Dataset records
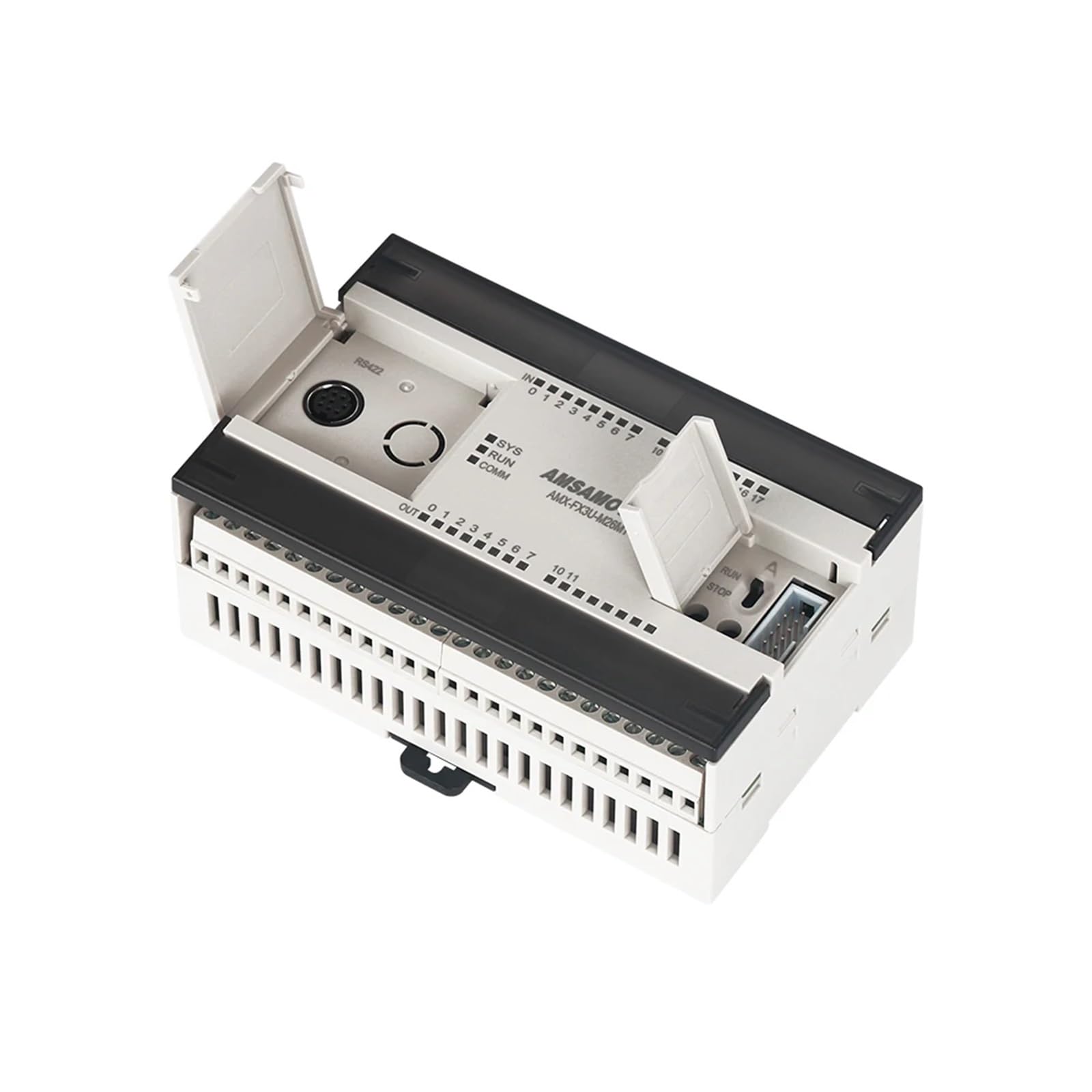 Figure 3: Angled view of the JOCCOS FX3U-24MR PLC, illustrating the accessible terminal blocks for wiring. This perspective helps in identifying the connection points for power, digital inputs, digital outputs, analog signals, and communication interfaces.
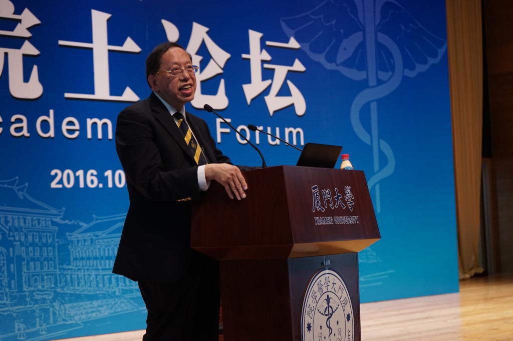 10月29日下午,医学院20周年院庆系列活动之院士论坛在思明校区科学艺术中心报告厅拉开帷幕。此次论坛邀请了中国科学院院士、上海交通大学副校长、医学院院长陈国强,中国工程院院士、医学院第二任院长张运和澳大利亚皇家医学院院士、新加坡医学院院士、医学院首任院长林延龄三位院士做主题报告,中国科学院院士、厦门大学副校长韩家淮教授致辞,中国科学院院士赵玉芬,校党委常委、医学院院长刘祖国教授等出席,全校800余名师生校友参与。本次论坛由医学院副院长胡天惠教授主持。
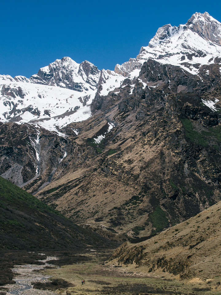 Alternatively, a 2 hour hike to a lake above camp provides a stunning location for photographs of Jitchu Drake. Green grass, grazing yaks, stunning mountain scenery – it doesn’t come much better than this. For a spectacular view of Jitchu Drake closer to camp (even better at sunrise if you can get up sufficiently early), follow the river for 20 minutes to a lone house and here the mountain is presented before you.
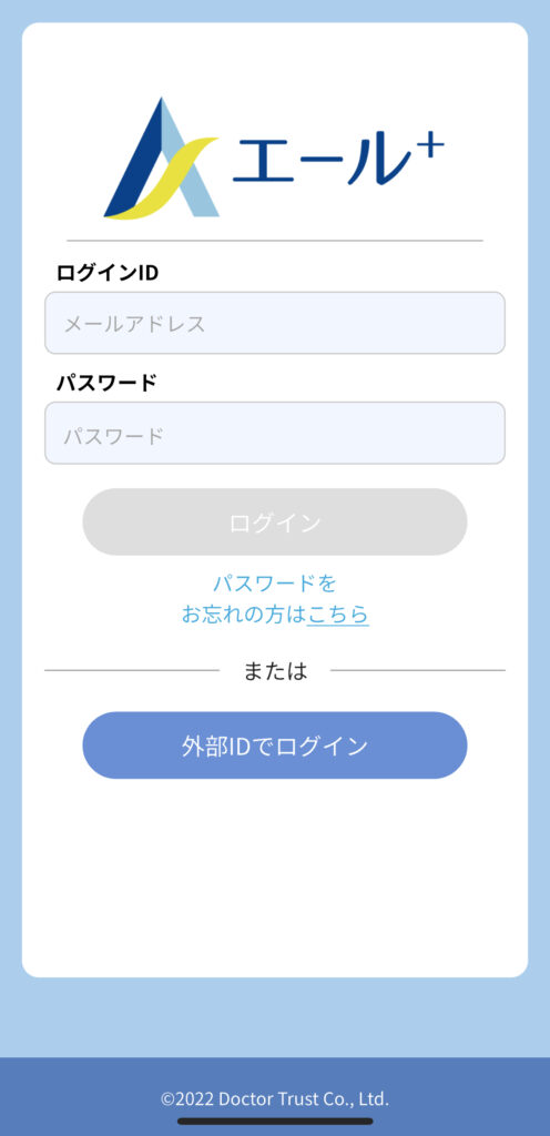 アプリを起動し、すでに登録してあるログインID(メールアドレス)とパスワードを入力してください。
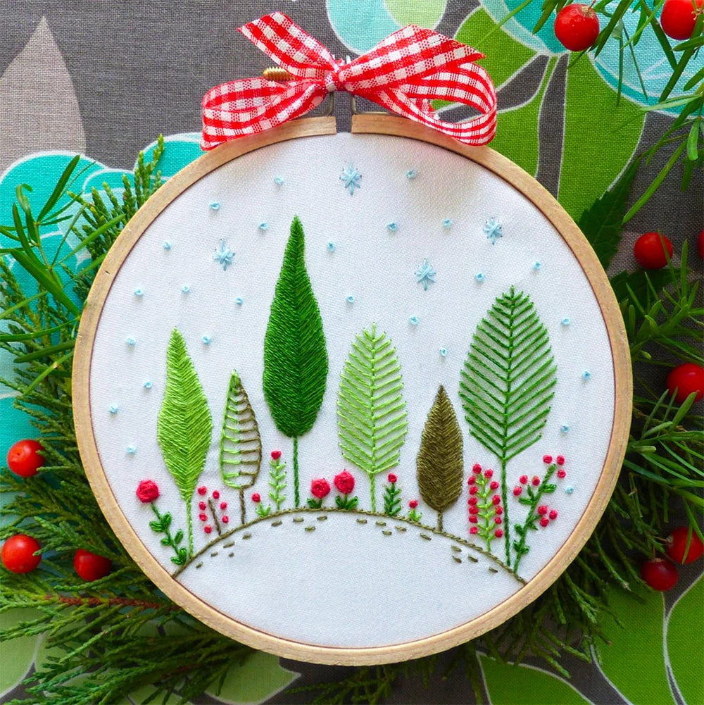 Each embroidery pattern uses several types of stitches. The designs are screen printed onto the fabric, so you can start stitching right away. A guide showing suggested stitches and colors is included.

## What you are asked to do
Quote exactly, and nothing besides, the lines from the one with "10月29日下午,医学院20" through the end of the records above; include both ends and omit the pictures.

## Response area
 10月29日下午,医学院20周年院庆系列活动之院士论坛在思明校区科学艺术中心报告厅拉开帷幕。此次论坛邀请了中国科学院院士、上海交通大学副校长、医学院院长陈国强,中国工程院院士、医学院第二任院长张运和澳大利亚皇家医学院院士、新加坡医学院院士、医学院首任院长林延龄三位院士做主题报告,中国科学院院士、厦门大学副校长韩家淮教授致辞,中国科学院院士赵玉芬,校党委常委、医学院院长刘祖国教授等出席,全校800余名师生校友参与。本次论坛由医学院副院长胡天惠教授主持。
 Alternatively, a 2 hour hike to a lake above camp provides a stunning location for photographs of Jitchu Drake. Green grass, grazing yaks, stunning mountain scenery – it doesn’t come much better than this. For a spectacular view of Jitchu Drake closer to camp (even better at sunrise if you can get up sufficiently early), follow the river for 20 minutes to a lone house and here the mountain is presented before you.
 アプリを起動し、すでに登録してあるログインID(メールアドレス)とパスワードを入力してください。
 Each embroidery pattern uses several types of stitches. The designs are screen printed onto the fabric, so you can start stitching right away. A guide showing suggested stitches and colors is included.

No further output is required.